--- Work instruction ---
Each line below needs to be returned exactly. Skip any picture.

•••••

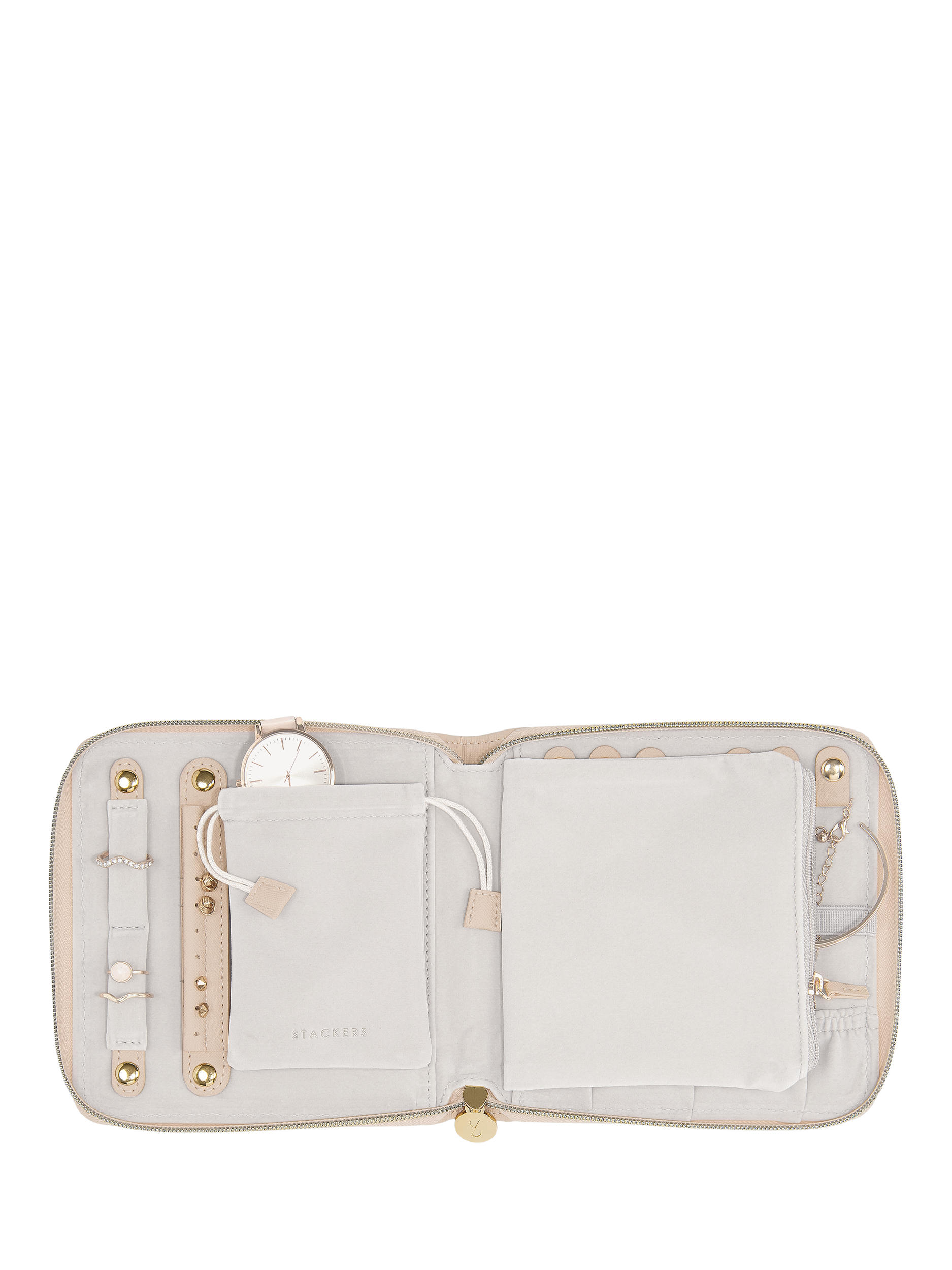Keep your jewellery collection organised on-the-go with the Stackers Raffia Jewellery Roll.
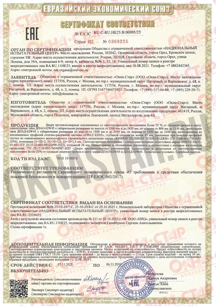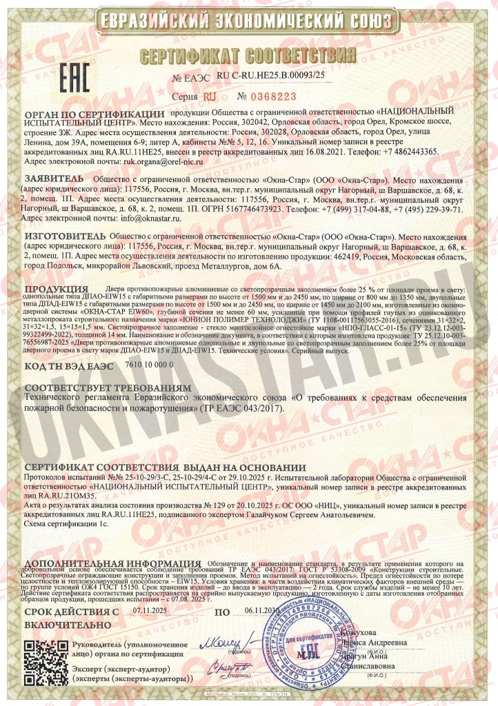 Компания «Окна-Стар» - сертифицированный производитель противопожарных дверей из алюминия. У нас можно заказать изготовление и монтаж конструкций с огнестойкостью до 60 минут.
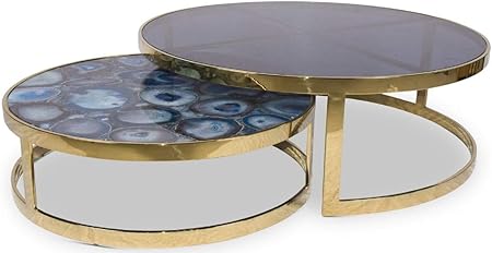 Casa Padrino Coffee Table Set Blue Gold 2 Round Living Room Tables With Agate Gemstone And Glass Top Quality Living Room Furniture Amazon Co Uk Kitchen Home Smart Living Room Storage Ideas
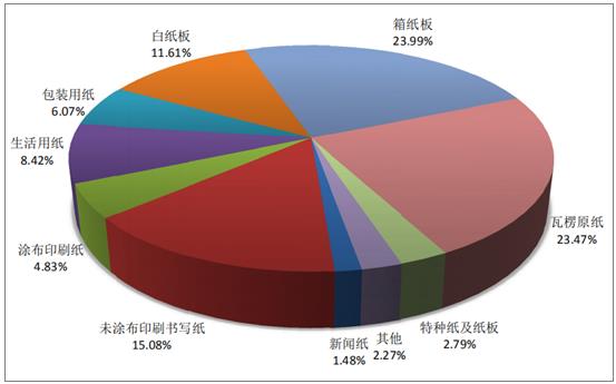 在纸及纸板的消费量中,需求最大的是箱纸板,占比23.99%,其次是瓦楞原纸,占比23.47%。
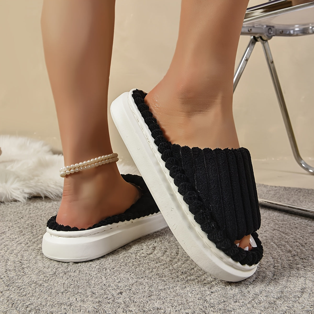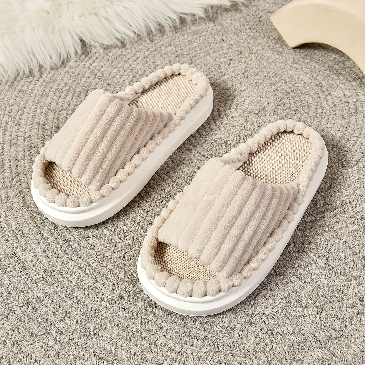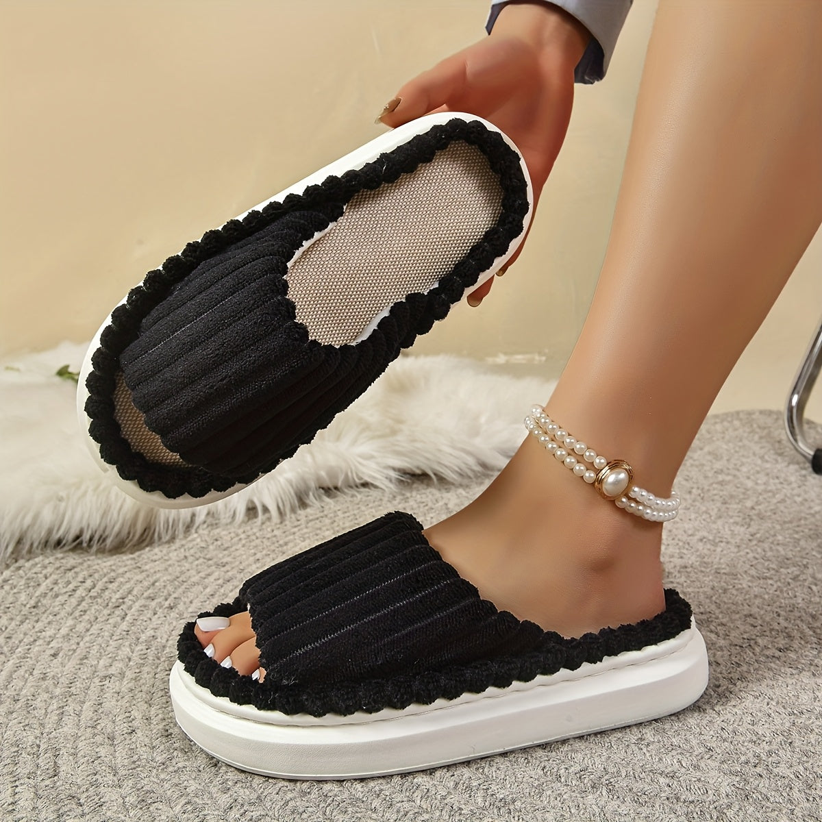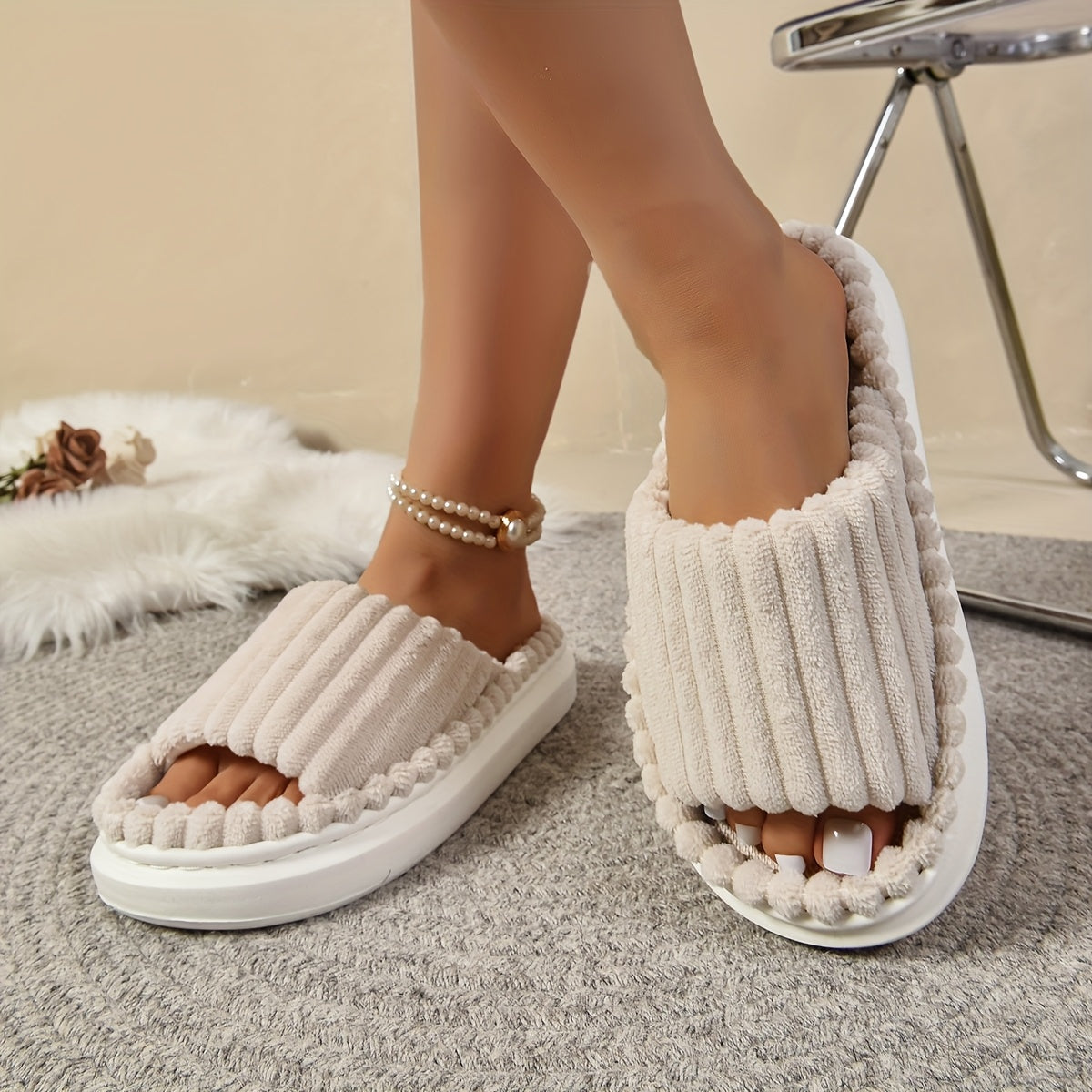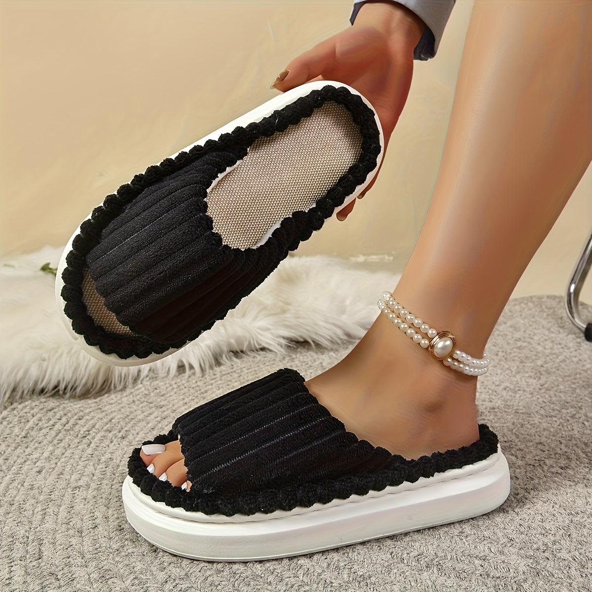 Женские плюшевые тапочки однотонные с толстой подошвой, универсальная домашняя обувь для всех сезонов
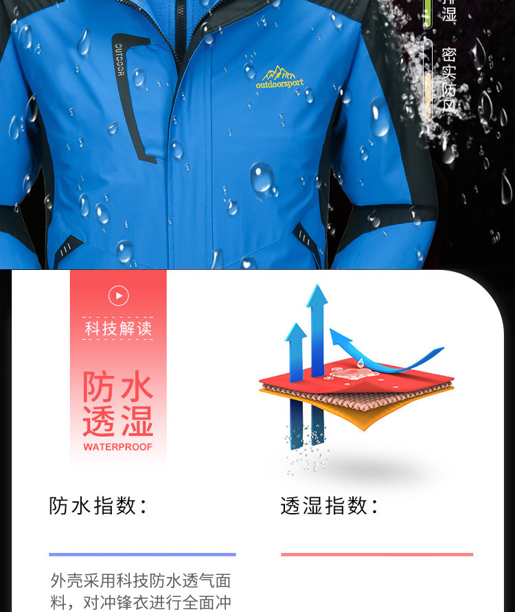 Зимняя съемная куртка, утепленный удерживающий тепло водонепроницаемый ветрозащитный дорожный плащ для скалозалания, «три в одном»
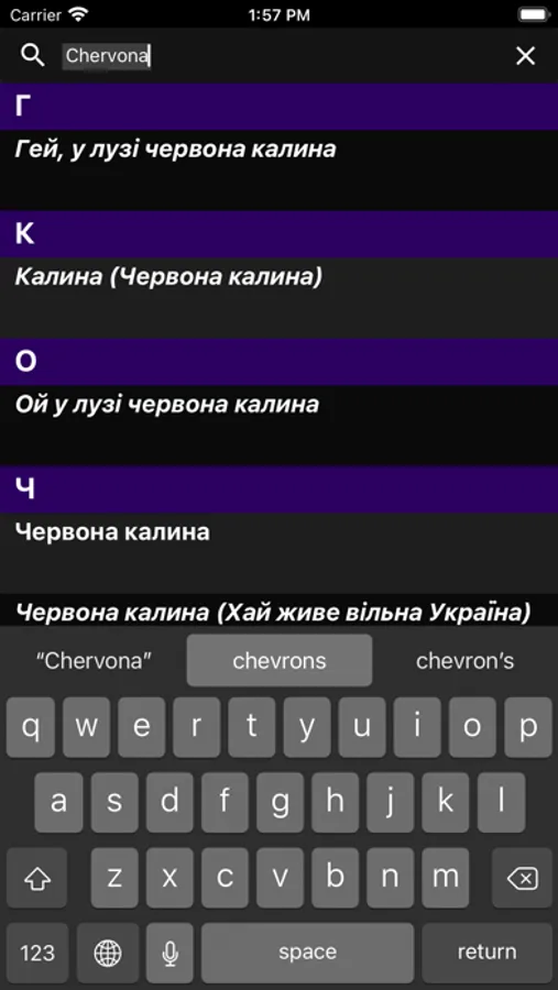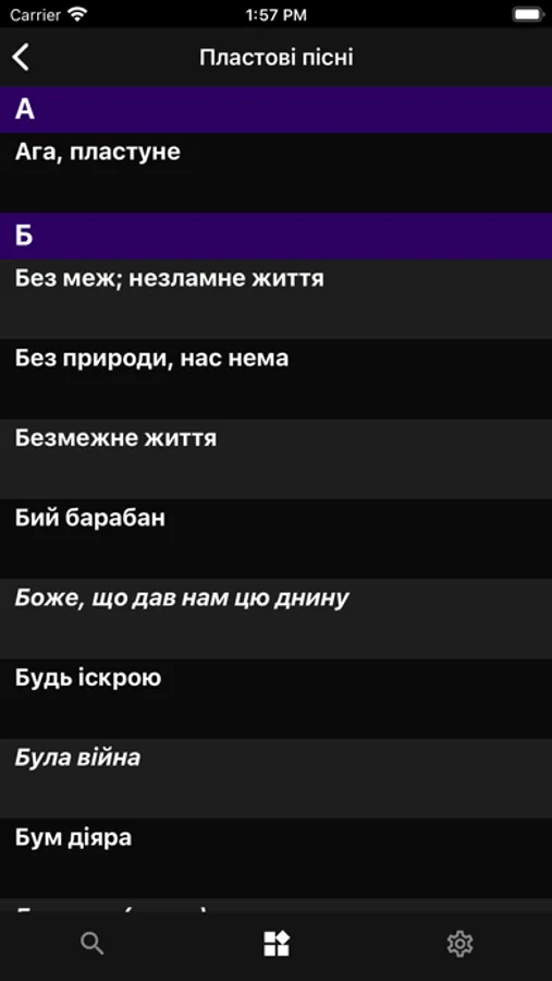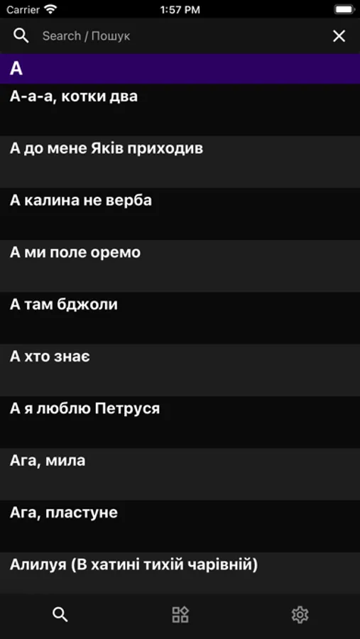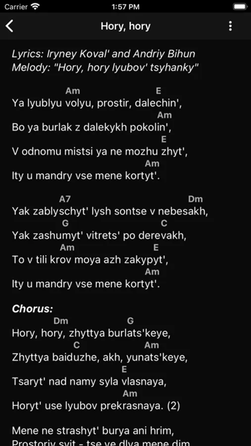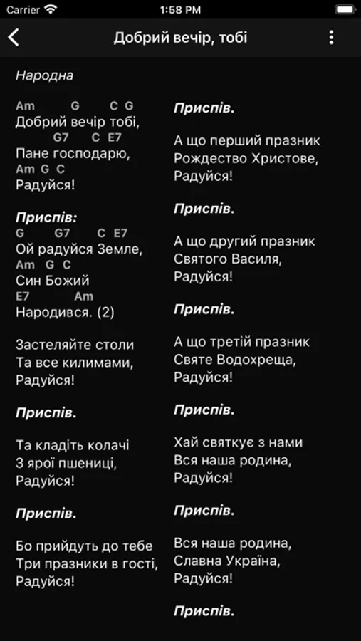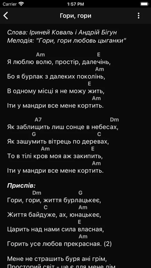This app includes lyrics and guitar chords for hundreds of songs, works offline, has a dark mode, and transposes chords into any key! It is the most comprehensive digital collection of Ukrainian zabava, Plast, CYM, and other diasporic music!
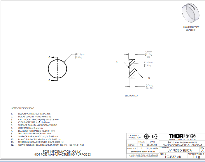 Thorlabs索雷博 LC4357-AB 平凹透镜
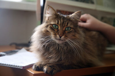 В кабинете у главного хранителя живет настоящая королева местных кошек – изумрудноглазая Пушистик, или просто Пуся. История ее появления в усадьбе тоже грустная – холодной зимой ее вместе еще с несколькими котятами подбросили под житню. Котята плохо пережили холода, несколько из них погибли. Пуся долго болела, но стараниями Элеоноры Петровны выжила, и теперь она – полноправная хозяйка небольшого кабинета хранителя.
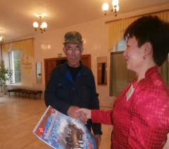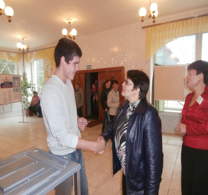 Первым пришёл голосовать Колпаков В. А., работник ООО «Какси». Председатель избирательной комиссии Макарова Т.М. подарила ему небольшой подарок на память – календарь о Можгинском районе.
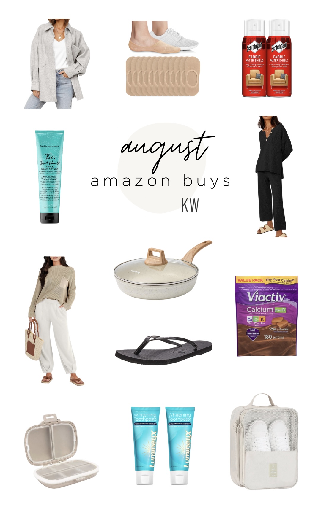 shacket + no show socks + scotch guard + hair cream + black set + khaki set + nonstick pan + flip flops + calcium supplements + pill organizer + whitening toothpaste + travel shoe holder
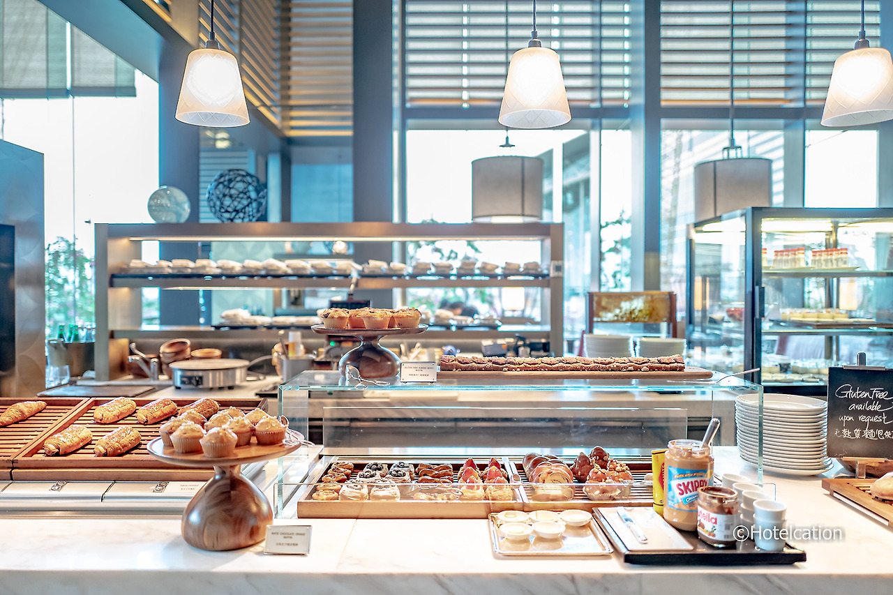 층고가 높아 시원한 로비는 다소 올드해 보인다. 객실 수 대비 공용공간이 좀 부족하지 않나 싶다. 1층에는 메인 뷔페 레스토랑이 있고 2층에는 작은 베이커리와 뷔페 레스토랑이 하나 더 있다. 그랜드 하얏트 홍콩에는 10개나 되는 카페와 레스토랑이 있는데 너무나 매력적인 곳 몇 곳만 소개하도록 하겠다.

•••••

--- Completed exercise ---
Keep your jewellery collection organised on-the-go with the Stackers Raffia Jewellery Roll.
 Компания «Окна-Стар» - сертифицированный производитель противопожарных дверей из алюминия. У нас можно заказать изготовление и монтаж конструкций с огнестойкостью до 60 минут.
 Casa Padrino Coffee Table Set Blue Gold 2 Round Living Room Tables With Agate Gemstone And Glass Top Quality Living Room Furniture Amazon Co Uk Kitchen Home Smart Living Room Storage Ideas
 在纸及纸板的消费量中,需求最大的是箱纸板,占比23.99%,其次是瓦楞原纸,占比23.47%。
 Женские плюшевые тапочки однотонные с толстой подошвой, универсальная домашняя обувь для всех сезонов
 Зимняя съемная куртка, утепленный удерживающий тепло водонепроницаемый ветрозащитный дорожный плащ для скалозалания, «три в одном»
This app includes lyrics and guitar chords for hundreds of songs, works offline, has a dark mode, and transposes chords into any key! It is the most comprehensive digital collection of Ukrainian zabava, Plast, CYM, and other diasporic music!
 Thorlabs索雷博 LC4357-AB 平凹透镜
 В кабинете у главного хранителя живет настоящая королева местных кошек – изумрудноглазая Пушистик, или просто Пуся. История ее появления в усадьбе тоже грустная – холодной зимой ее вместе еще с несколькими котятами подбросили под житню. Котята плохо пережили холода, несколько из них погибли. Пуся долго болела, но стараниями Элеоноры Петровны выжила, и теперь она – полноправная хозяйка небольшого кабинета хранителя.
 Первым пришёл голосовать Колпаков В. А., работник ООО «Какси». Председатель избирательной комиссии Макарова Т.М. подарила ему небольшой подарок на память – календарь о Можгинском районе.
 shacket + no show socks + scotch guard + hair cream + black set + khaki set + nonstick pan + flip flops + calcium supplements + pill organizer + whitening toothpaste + travel shoe holder
 층고가 높아 시원한 로비는 다소 올드해 보인다. 객실 수 대비 공용공간이 좀 부족하지 않나 싶다. 1층에는 메인 뷔페 레스토랑이 있고 2층에는 작은 베이커리와 뷔페 레스토랑이 하나 더 있다. 그랜드 하얏트 홍콩에는 10개나 되는 카페와 레스토랑이 있는데 너무나 매력적인 곳 몇 곳만 소개하도록 하겠다.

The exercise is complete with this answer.